Justin at once became lavish, which was what he did when Tessa's name was spoken at him. "Yes, indeed. Her relief work is absolutely nonstop these days." He was hugging a United Nations tome to himself, all of three inches thick. Stooping again, he laid it to rest on a side table. "She'll have saved all Africa by the time we leave, at this rate."

"What's she gone up-country for, actually?" -- still clutching at straws -- "I thought she was doing stuff down here in Nairobi. In the slums. Kibera, wasn't it?"

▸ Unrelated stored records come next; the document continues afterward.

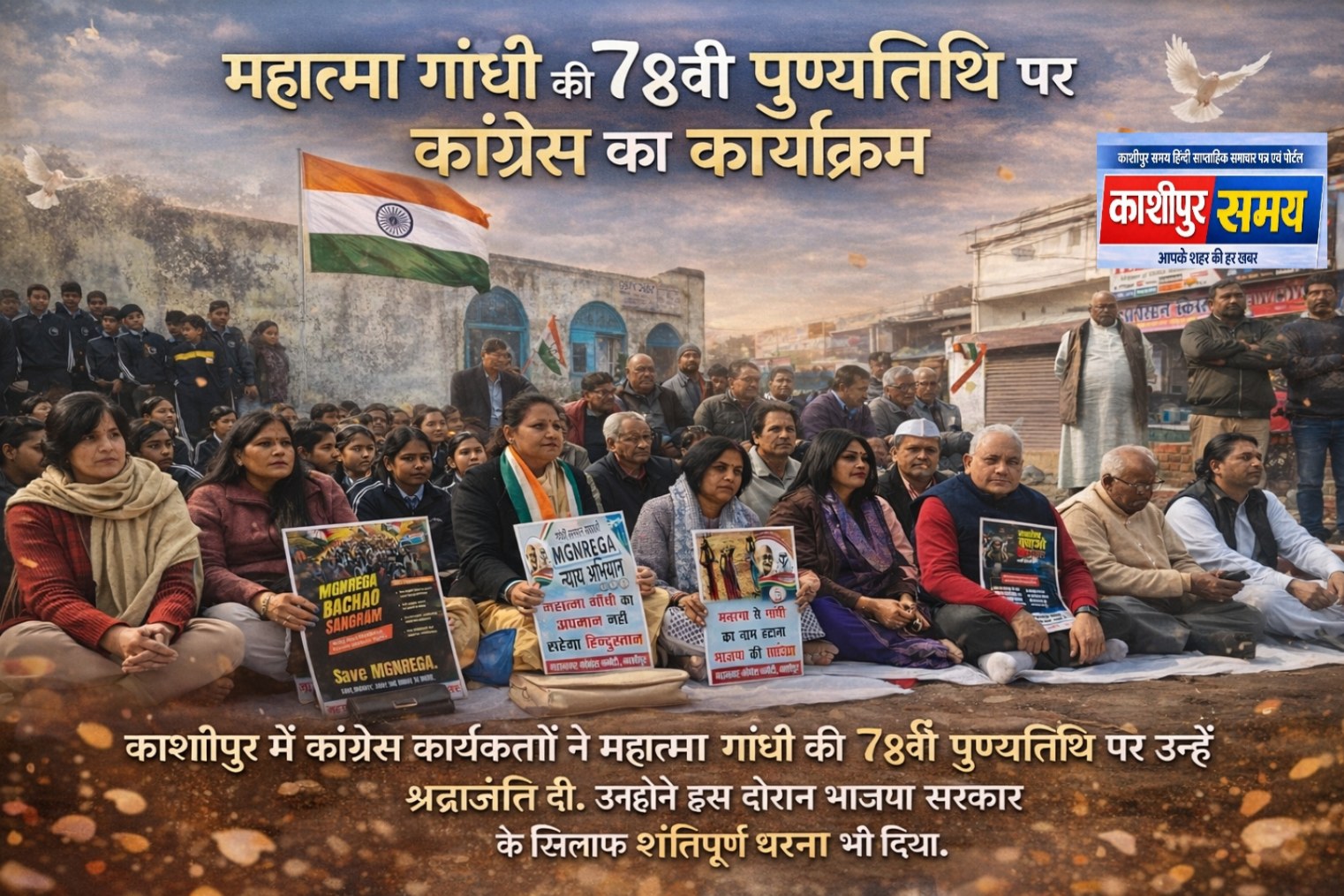 Congress workers in Kashipur paid tribute to Mahatma Gandhi on his 78th death anniversary.They also held a peaceful protest against the BJP government.
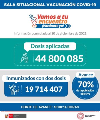 Hasta ayer, viernes 10 de diciembre, el Minsa había aplicado 44 millones 517,892 dosis, por lo que en las últimas 24 horas colocó 282,193 más.
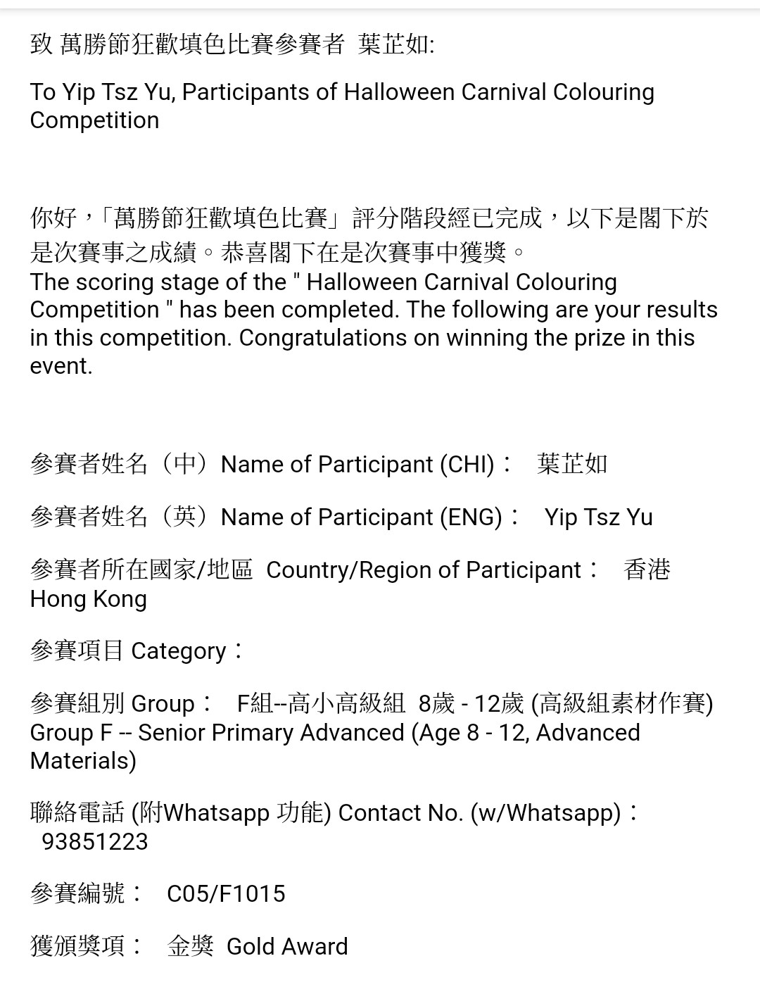 6B_葉芷如_萬聖節狂歡填色比賽_高小高級組_金獎
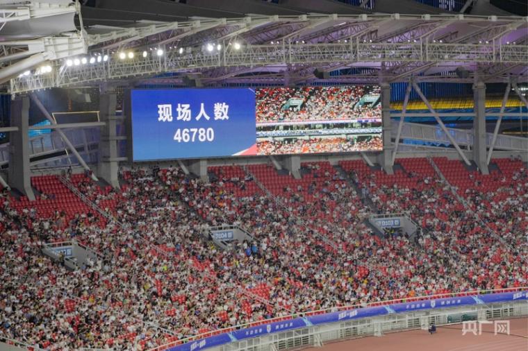 4.6萬余名觀眾在漢超揭幕戰現場(央廣網記者鄧子依 攝)
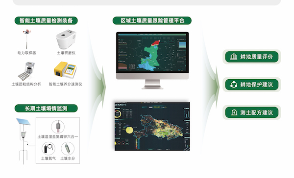 在土地平整、農(nóng)田整治的基礎(chǔ)上,利用耕地質(zhì)量監(jiān)測智能化裝備與土壤傳感器體系采集土壤理化相關(guān)指標(biāo)、土壤含水量、區(qū)域農(nóng)業(yè)氣象等數(shù)據(jù),實(shí)現(xiàn)田間地情、肥情、環(huán)情、墑情的監(jiān)測分析。聯(lián)動應(yīng)用區(qū)域土壤質(zhì)量跟蹤管理平臺,為耕地監(jiān)管單位建立數(shù)字化管理體系,實(shí)現(xiàn)高標(biāo)農(nóng)田耕地質(zhì)量的長效化、動態(tài)化、智能化監(jiān)測與管理。
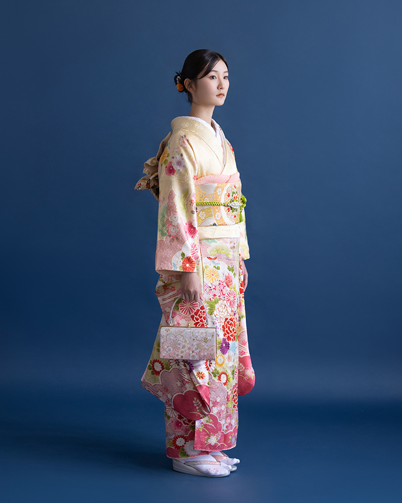 振袖選びでは、気に入ったものをいくつか選んだ後、実際に着付けていただき、鏡を見ながら自分に一番似合う一着を選ぶことができました。どの振袖もとても素敵で悩んでいたところ、店員の方が私の好みに合わせて、他にも似合いそうな振袖を提案してくださり、とても嬉しかったです。また、帯や帯締め、バッグなどを自分好みにカスタマイズできたことで、納得のいくコーディネートを完成させることができました。
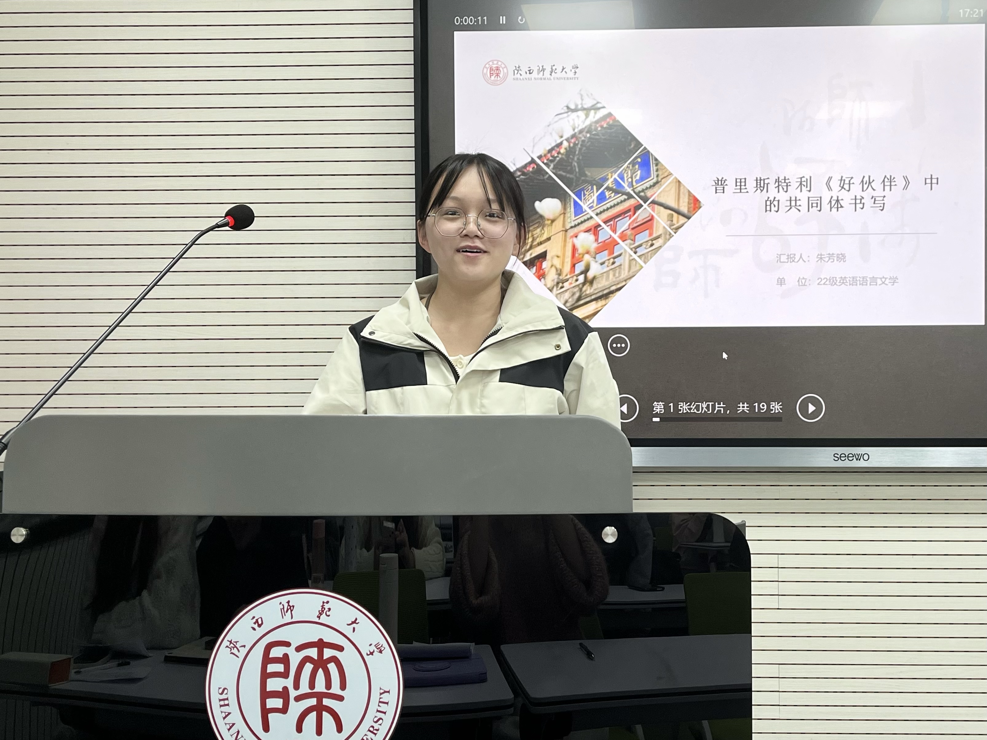 郭雯婷以《福柯权力理论视角下〈小城畸人〉畸人形象解读》为题,从畸人的声音和话语、性与身体、形成原因以及结语四个方面进行了分析汇报。
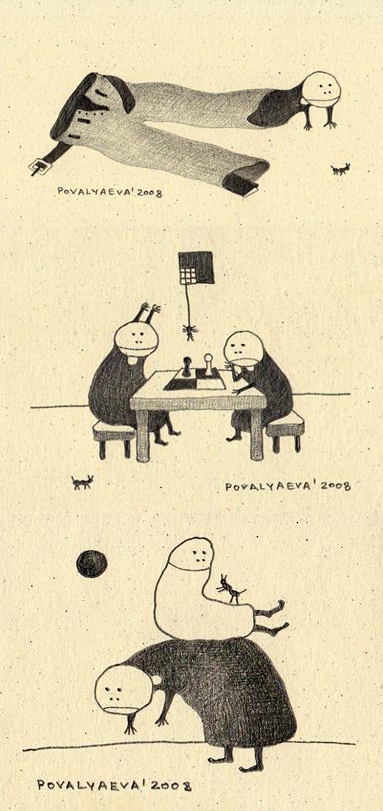 2. На карикатуре художницы Поваляевой вы видите писателя. Назовите фамилию его партнера.
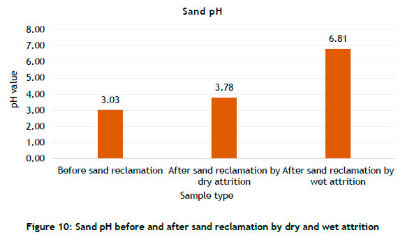 The pH results depicted in Figure 10 below showed an increase in sand pH value from 3.03 before mechanical reclamation to 3.78 and 6.81 after mechanical reclamation by dry and wet attrition respectively. These values indicated a decline in the sulphonic acid present in the sand. It can also be seen below that mechanical reclamation by wet attrition showed a drastic increase in sand pH value, proving to be more effective in removing the residual binder in the sand than mechanical reclamation by dry attrition.
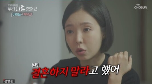 박유선은 "우리 점보러 간 곳 기억나냐. 원진살 처음 얘기했던 곳. 거기 엄청 용한 곳이라더라"라고 입을 열었는데요. 이하늘은 "우리 원진살 처음 얘기한 데? 근데 그 무속인이 우리 이혼한다고는 얘기 안 했었는데"라며 다소 뻘쭘한 표정을 짓기도 했습니다. 박유선은 당시를 회상하며 "하지만 결혼은 하지 말라고 했었다"라고 말했습니다.
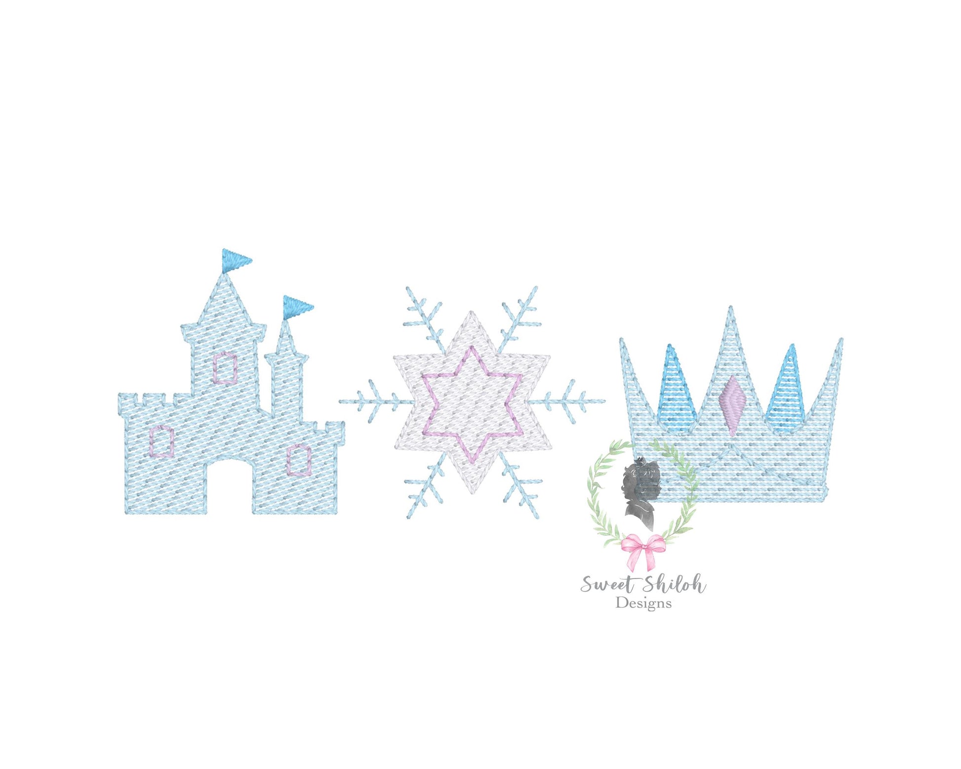 Design includes a sketch ice queen trio machine embroidery file. Font not included.
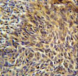 - ANKRD32 Antibody immunohistochemistry of formalin-fixed and paraffin-embedded human cervix carcinoma followed by peroxidase-conjugated secondary antibody and DAB staining.

"Indeed she is," said Justin proudly. "Night and day, the poor girl. Everything from wiping babies' bottoms to acquainting paralegals with their civil rights, I'm told. Most of her clients are women, of course, which appeals to her. Even if it doesn't appeal quite so much to their menfolk." His wistful smile, the one that says if only. "Property rights, divorce, physical abuse, marital rape, female circumcision, safe sex. The whole menu, every day. You can see why their husbands get a little touchy, can't you? I would, if I was a marital rapist."

"So what's she doing up-country?" Woodrow persisted.

"Oh, goodness knows. Ask Doc Arnold," Justin threw out, too casually. "Arnold's her guide and philosopher up there."

This is how he plays it, Woodrow remembered. The cover story that covers all three of them. Arnold Bluhm, M.D., her moral tutor, black knight, protector in the aid jungle. Anything but her tolerated lover. "Up where exactly?" he asked.

"Loki. Lokichoggio." Justin had propped himself on the edge of his desk, perhaps in unconscious imitation of Woodrow's careless posture at the door. "The World Food Program people are running a gender awareness workshop up there, can you imagine? They fly unaware village women down from South Sudan, give them the crash course in John Stuart Mill and fly them back aware. Arnold and Tessa went up to watch the fun, lucky dogs."

"Where is she now?"

Justin appeared not to like this question. Perhaps it was the moment when he realized there was purpose to Woodrow's small talk. Or perhaps -- thought Woodrow -- he didn't take kindly to being pinned down on the subject of Tessa, when he couldn't pin her down himself.

"On her way back, one assumes. Why?"

"With Arnold?"

"Presumably. He wouldn't just leave her there."

"Has she been in touch?"

"With me? From Loki? How could she be? They haven't got telephones."

"I thought she might have used one of the aid agencies' radio links. Isn't that what other people do?"

"Tessa's not other people," Justin retorted, as a frown collected on his brow. "She has strong principles. Such as not spending donors' money unnecessarily. What's going on, Sandy?"

Justin scowling now, shoving himself away from the desk and placing himself upright at the center of the room with his hands behind his back. And Woodrow, observing his studiously handsome face and graying black hair in the sunlight, remembered Tessa's hair, the same color exactly, but without the age in it, or the restraint. He remembered the first time he saw them together, Tessa and Justin, our glamorous newly wedded arrivals, honored guests of the High Commissioner's welcome-to-Nairobi party. And how, as he had stepped forward to greet them, he had imagined to himself that they were father and daughter, and he was the suitor for her hand.